# [The task]
All that is wanted is the exact text of the lines below from the one with "אני עזבת את" through the one with "Brecht (izquierda) con", inclusive, minus any pictures.

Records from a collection
◇ ◇ ◇

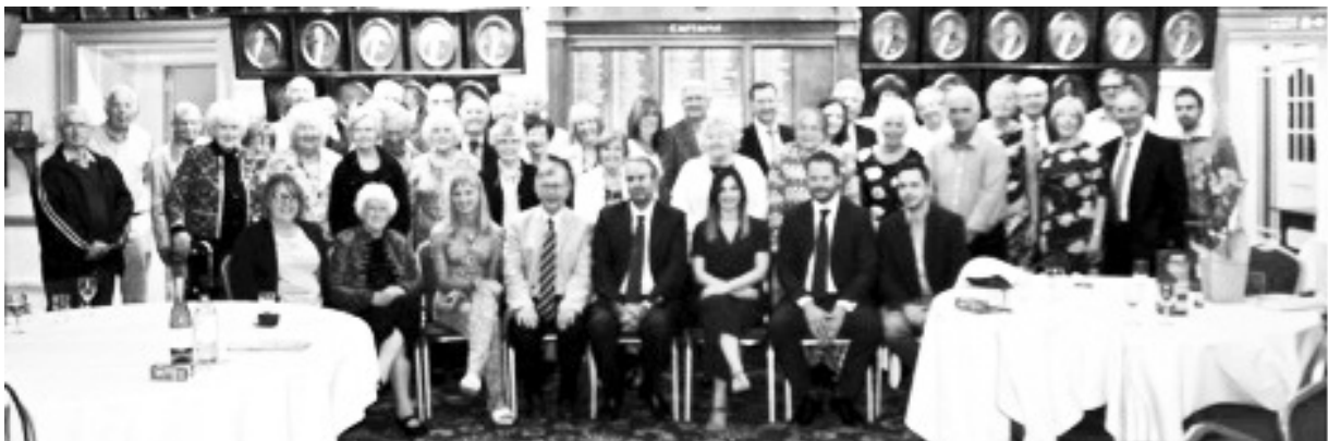
(Lluniau o ginio 2017)

18 twll a chinio £35. Cinio yn unig £20. Raffl ac ocsiwn wedi'r cinio.
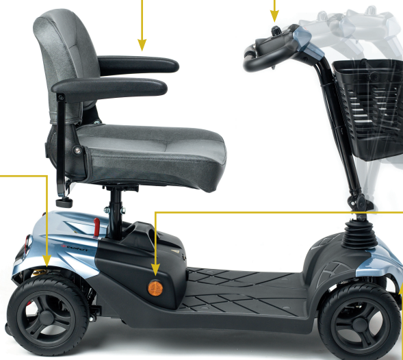
Columna de conducción
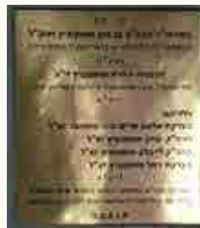
שלט ההנצחה בתוככי האהל שהוצב ביחמת נכדו מר שטאובר, תאריך ההסתלקות ציון בטעות לר"ח סיון

אני עזבת את העיר ש כשהייתי ילד קטן. את הסבא אני לא זוכר, אבל יש לנו תמונה של הביה"ח ביאס, יש שם הרבה קברים של יהודים
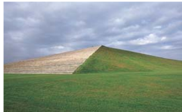
古代の遺跡を思わせる高さ30mの「プレイマウンテン」
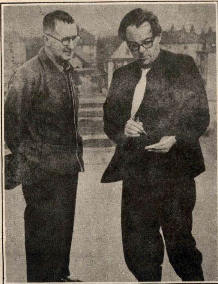
Brecht (izquierda) con el dramaturgo Max Frisch en 1949.

rios del teatro habían desarrollado en cuanto a técnicas y procedimientos de halago y revulsión. La escandalosa moral libertina de un enfant terrible literario se hizo canción, o mejor song , una canción de melodía pegadiza y ritmo trepidante a la que nadie podía resistir. Al asociarse a Kurt Weill, y, en definitiva, al asociarse a la música que desde entonces ya no abandonó, Brecht consideró un aumento considerable de fuerza expresiva y de mímica, y ensanchó la base de su público más allá de la platea literaria, hasta las calles y las salas de baile. El texto es chispeante y la música es irónica y sentimental, graciosa y excitante, próxima al jazz, pero extraordinariamente melódica, destinada a sobrevivir la oscuridad de los tiempos, repetida anónimamente por las calles de todas las ciudades de los dos hemisferios. Quien la oyó una vez, no la olvida, en cualquier idioma a los que ha sido traducida: "Señores que pretenden enseñarnos/ tratando de cambiar/ nuestro instinto criminal/ primero traten de alimentarnos/ comer primero/ luego la moral". (1). La obra lo era todo menos una pieza de propaganda. Concebida como una ópera épica tenía que hacer frente a los intentos de hipnotización de la antigua ópera dramática o "todo cuando debe producir entusiasmos indignos". Sin embargo, esa historia de gangsters y prostitutas entusiasmó a la platea hasta el paroxismo. Según Brecht,
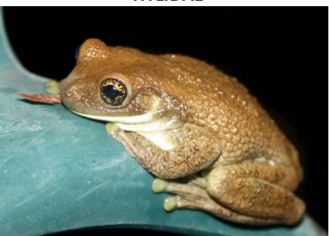
59 Trachycephalus venulosus HYLIDAE
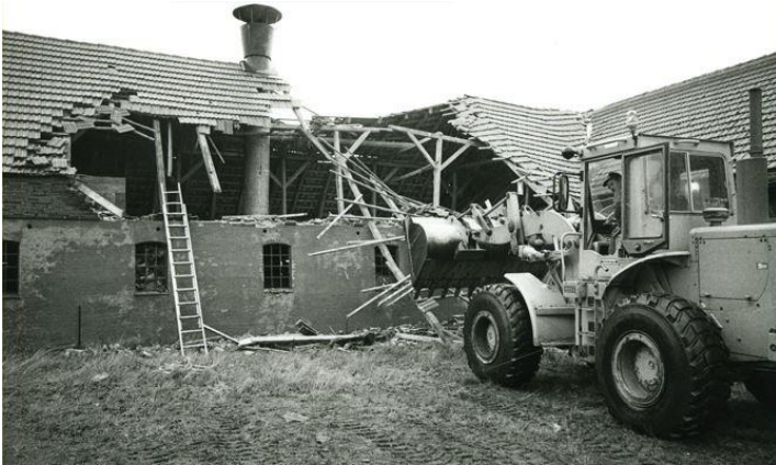
Fattiggården i Wåde nedrives i 1982
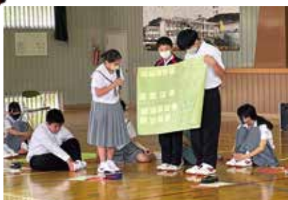
↑ 高齢者に対するイメージや、高齢者のために何ができるかを発表
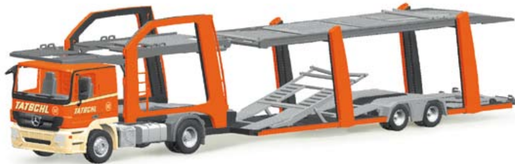
155182 | MB Actros L 08 Lohr Autotransporter „Tatschl“ (A) MB Actros L 08 Lohr car transporter “Tatschl” (A)
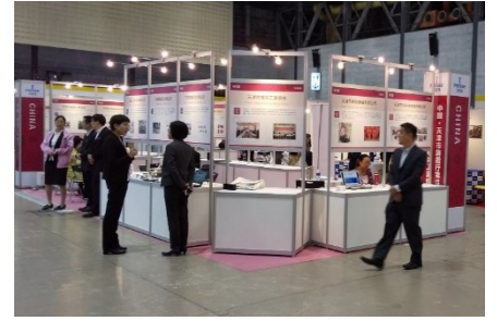
연대 전시 부스

또한 기업이나 개인이 단독으로 부스 참가를 희망하는 경우, 표준 타입 부스(W2,970mm x D1,980mm) 1 부스당 65,000 엔(국내 참가자의 반액에 해당함. 소비세 10%포함)으로 참가가 가능합니다.※자세한 사항은 뒷면 참가 규정을 참조.
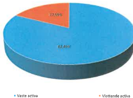
STRUCTUUR VAN DE ACTIVA
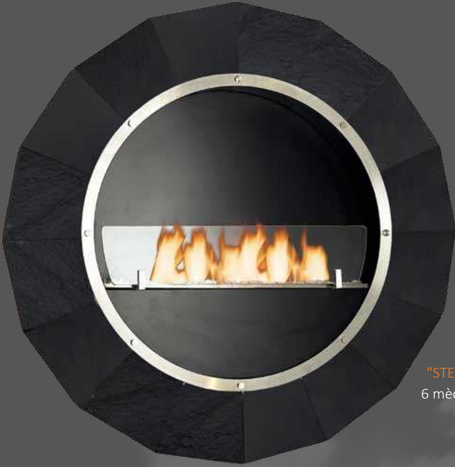
"STEP BLACK" 8655BL Ø95 x 15 cm (38 kg) 6 mèches, réservoir 2 L

◇ ◇ ◇

# [Written answer]
אני עזבת את העיר ש כשהייתי ילד קטן. את הסבא אני לא זוכר, אבל יש לנו תמונה של הביה"ח ביאס, יש שם הרבה קברים של יהודים
古代の遺跡を思わせる高さ30mの「プレイマウンテン」
Brecht (izquierda) con el dramaturgo Max Frisch en 1949.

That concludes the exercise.